TASK INPUT below:
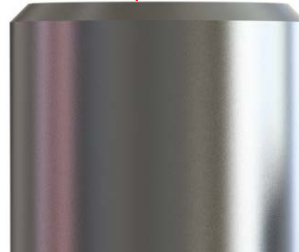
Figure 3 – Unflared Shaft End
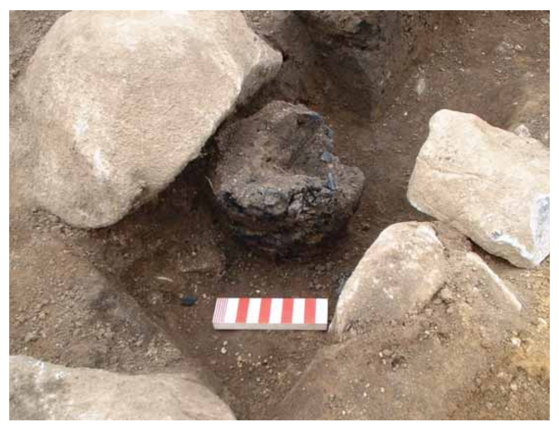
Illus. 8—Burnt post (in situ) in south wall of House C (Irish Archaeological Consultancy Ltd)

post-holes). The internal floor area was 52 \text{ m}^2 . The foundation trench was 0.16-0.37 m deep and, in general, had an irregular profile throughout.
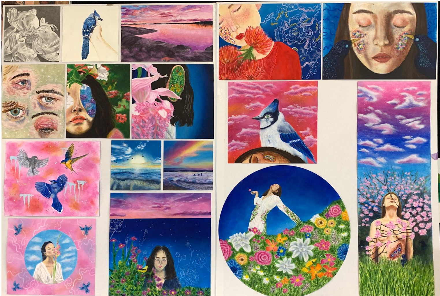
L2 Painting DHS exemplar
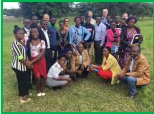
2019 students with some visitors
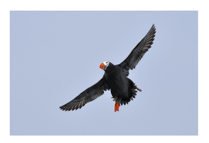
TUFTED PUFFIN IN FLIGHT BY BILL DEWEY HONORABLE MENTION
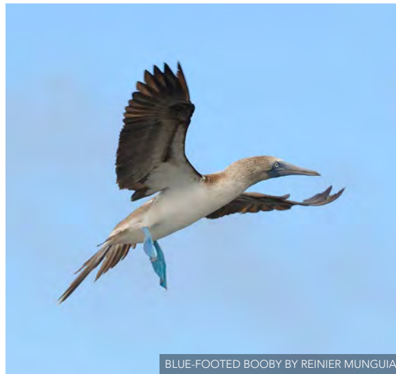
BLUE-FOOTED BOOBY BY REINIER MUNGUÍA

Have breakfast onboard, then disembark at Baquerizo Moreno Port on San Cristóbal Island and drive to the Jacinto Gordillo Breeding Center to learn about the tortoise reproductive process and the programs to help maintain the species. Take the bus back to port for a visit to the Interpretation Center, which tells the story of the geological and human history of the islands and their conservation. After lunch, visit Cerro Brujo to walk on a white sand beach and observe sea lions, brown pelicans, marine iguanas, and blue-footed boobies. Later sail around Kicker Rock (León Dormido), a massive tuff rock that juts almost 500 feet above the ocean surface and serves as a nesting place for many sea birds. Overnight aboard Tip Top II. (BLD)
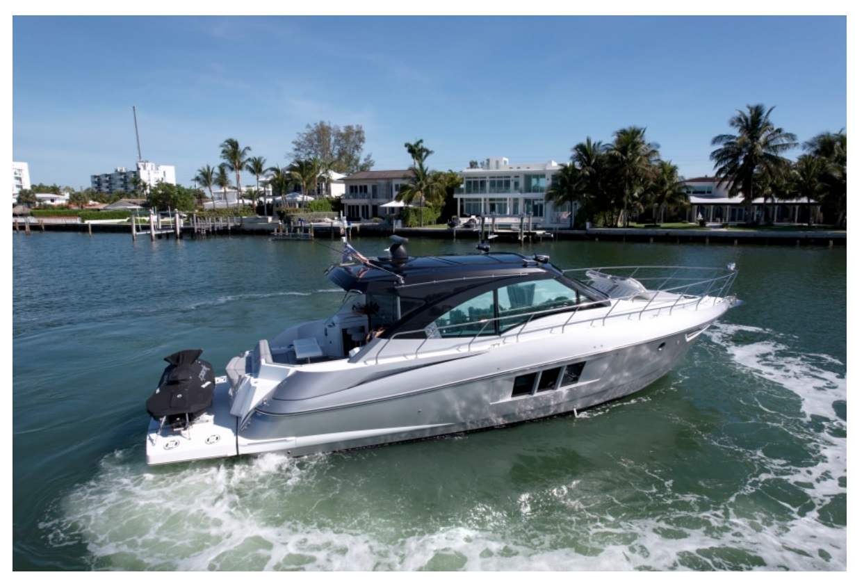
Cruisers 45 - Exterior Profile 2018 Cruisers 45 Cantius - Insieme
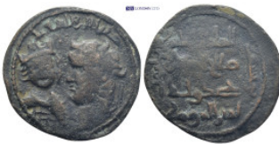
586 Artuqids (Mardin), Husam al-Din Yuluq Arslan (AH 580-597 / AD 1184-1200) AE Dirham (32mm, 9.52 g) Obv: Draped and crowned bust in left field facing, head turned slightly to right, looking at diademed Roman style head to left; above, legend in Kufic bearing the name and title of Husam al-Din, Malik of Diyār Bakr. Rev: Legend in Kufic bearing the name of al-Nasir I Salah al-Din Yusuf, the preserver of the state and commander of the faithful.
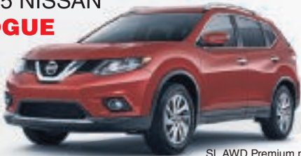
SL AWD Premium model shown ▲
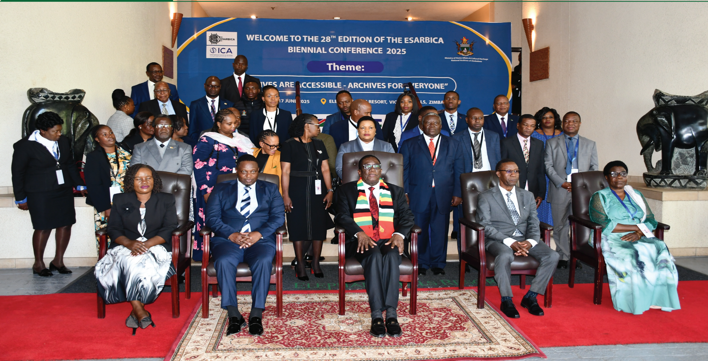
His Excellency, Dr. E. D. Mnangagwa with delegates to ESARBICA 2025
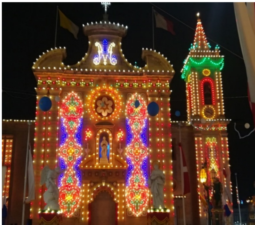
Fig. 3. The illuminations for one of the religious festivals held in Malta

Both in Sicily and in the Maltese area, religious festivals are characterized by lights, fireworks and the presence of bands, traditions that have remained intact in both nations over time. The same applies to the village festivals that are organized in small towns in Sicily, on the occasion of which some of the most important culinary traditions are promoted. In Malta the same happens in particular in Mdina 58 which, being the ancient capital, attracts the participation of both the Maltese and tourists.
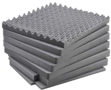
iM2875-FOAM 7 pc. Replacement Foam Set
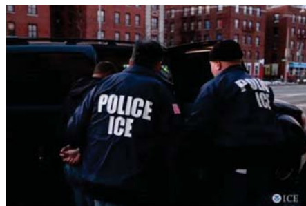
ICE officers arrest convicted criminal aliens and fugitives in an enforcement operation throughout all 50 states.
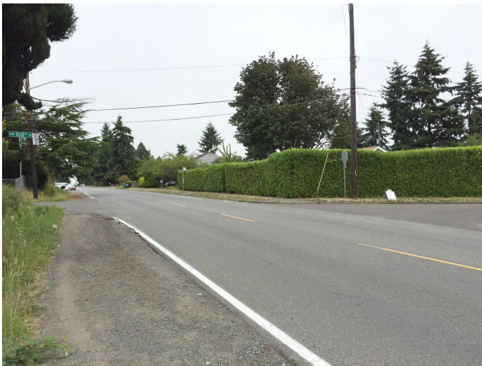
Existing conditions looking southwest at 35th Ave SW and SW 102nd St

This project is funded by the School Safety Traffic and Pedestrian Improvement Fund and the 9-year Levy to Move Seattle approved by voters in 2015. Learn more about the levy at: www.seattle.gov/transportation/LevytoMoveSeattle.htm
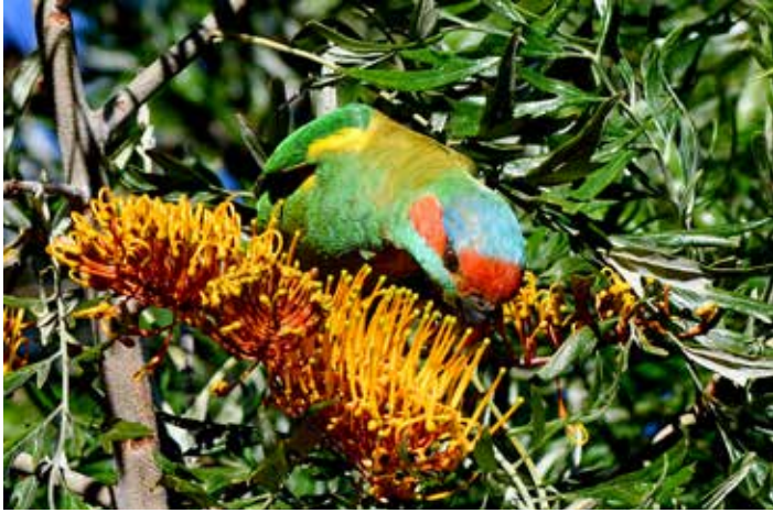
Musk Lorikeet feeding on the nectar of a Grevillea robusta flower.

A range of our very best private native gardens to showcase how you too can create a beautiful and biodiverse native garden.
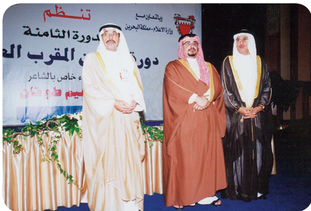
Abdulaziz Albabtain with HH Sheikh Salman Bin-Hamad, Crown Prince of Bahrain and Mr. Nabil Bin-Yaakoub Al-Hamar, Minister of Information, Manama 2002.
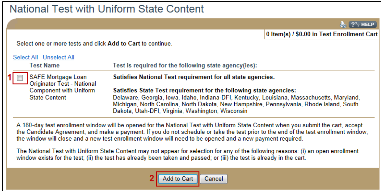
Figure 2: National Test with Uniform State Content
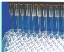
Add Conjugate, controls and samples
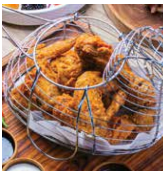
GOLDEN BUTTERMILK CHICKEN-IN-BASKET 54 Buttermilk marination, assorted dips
End of TASK INPUT.
TASK INPUT below:
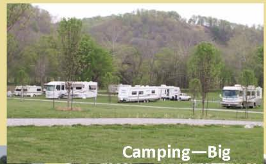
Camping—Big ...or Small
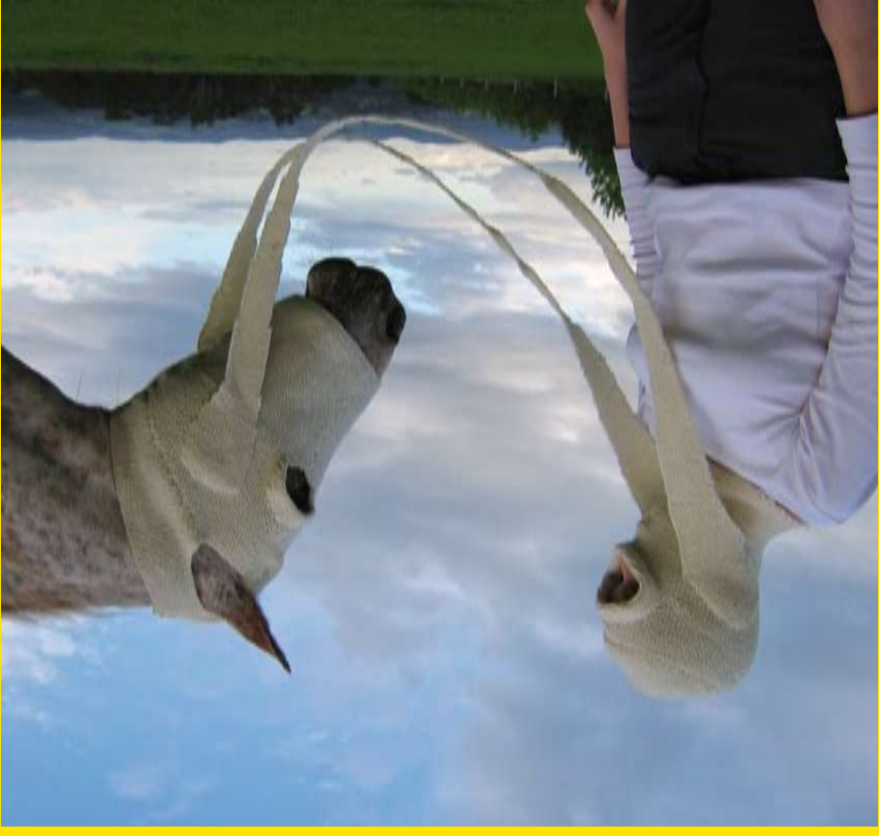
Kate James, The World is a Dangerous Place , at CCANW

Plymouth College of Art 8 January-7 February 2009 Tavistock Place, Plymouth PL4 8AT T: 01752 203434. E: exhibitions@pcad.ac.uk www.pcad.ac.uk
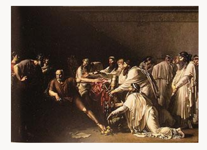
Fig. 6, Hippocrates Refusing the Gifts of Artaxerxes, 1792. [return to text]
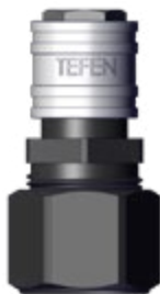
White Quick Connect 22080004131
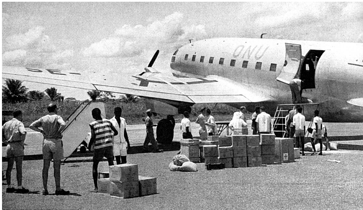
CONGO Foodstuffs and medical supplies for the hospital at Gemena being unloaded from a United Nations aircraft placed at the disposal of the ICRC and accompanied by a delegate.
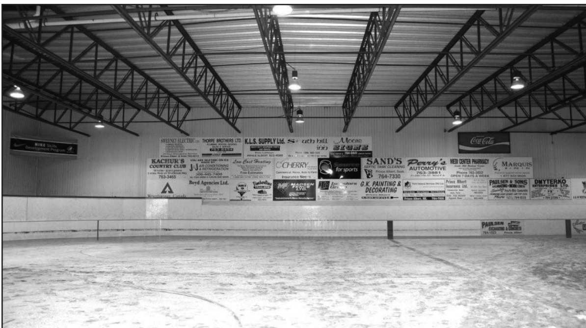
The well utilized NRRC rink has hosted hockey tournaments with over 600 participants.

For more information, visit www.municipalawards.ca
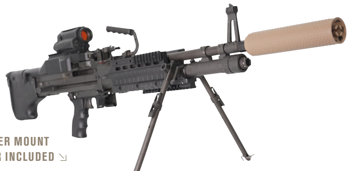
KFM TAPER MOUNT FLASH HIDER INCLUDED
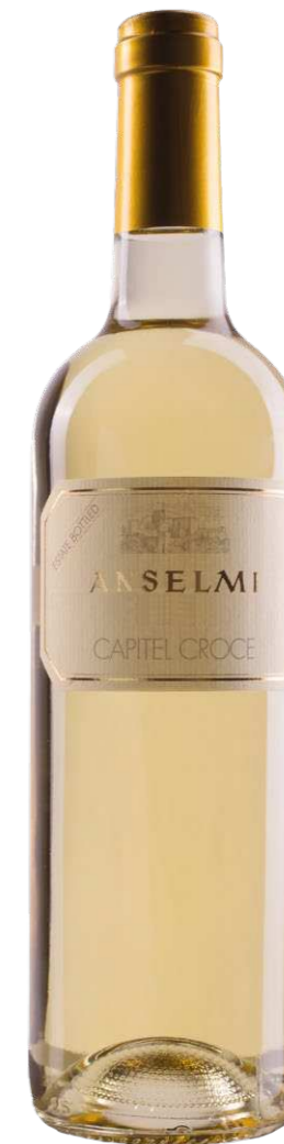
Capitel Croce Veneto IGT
End of TASK INPUT.
TASK INPUT below:
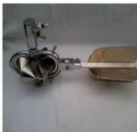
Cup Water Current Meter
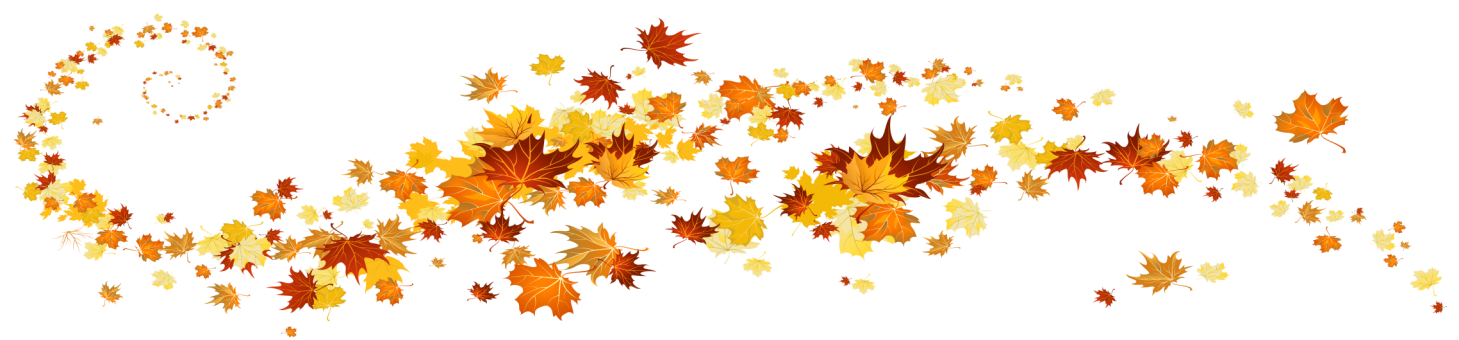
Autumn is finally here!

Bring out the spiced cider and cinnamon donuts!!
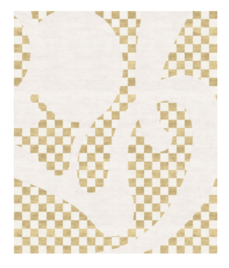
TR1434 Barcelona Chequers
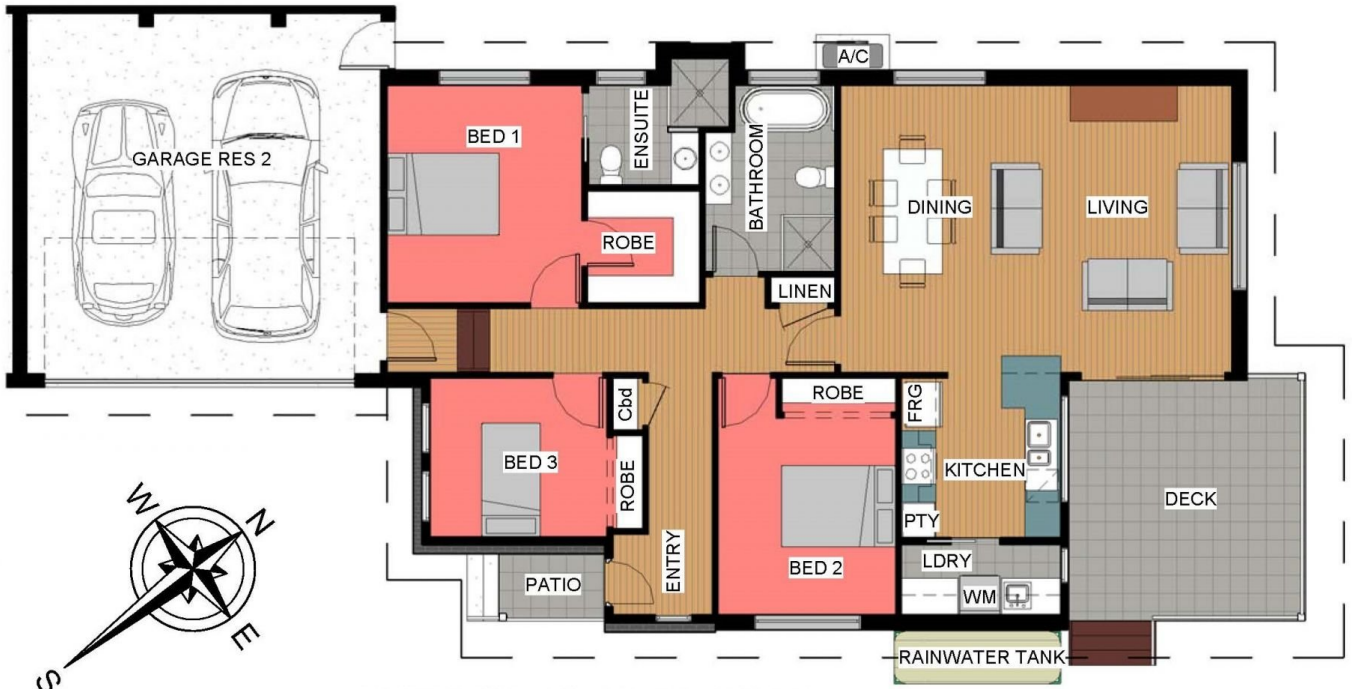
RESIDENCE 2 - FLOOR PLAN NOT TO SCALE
End of TASK INPUT.
All lines above from the one containing "Figure 3 – Unflared Shaft End" up to and including the one containing "Cruisers 45 - Exterior" are to be set down exactly, and nothing else. Leave images out.

Figure 3 – Unflared Shaft End
Illus. 8—Burnt post (in situ) in south wall of House C (Irish Archaeological Consultancy Ltd)

post-holes). The internal floor area was 52 \text{ m}^2 . The foundation trench was 0.16-0.37 m deep and, in general, had an irregular profile throughout.
L2 Painting DHS exemplar
2019 students with some visitors
TUFTED PUFFIN IN FLIGHT BY BILL DEWEY HONORABLE MENTION
BLUE-FOOTED BOOBY BY REINIER MUNGUÍA

Have breakfast onboard, then disembark at Baquerizo Moreno Port on San Cristóbal Island and drive to the Jacinto Gordillo Breeding Center to learn about the tortoise reproductive process and the programs to help maintain the species. Take the bus back to port for a visit to the Interpretation Center, which tells the story of the geological and human history of the islands and their conservation. After lunch, visit Cerro Brujo to walk on a white sand beach and observe sea lions, brown pelicans, marine iguanas, and blue-footed boobies. Later sail around Kicker Rock (León Dormido), a massive tuff rock that juts almost 500 feet above the ocean surface and serves as a nesting place for many sea birds. Overnight aboard Tip Top II. (BLD)
Cruisers 45 - Exterior Profile 2018 Cruisers 45 Cantius - Insieme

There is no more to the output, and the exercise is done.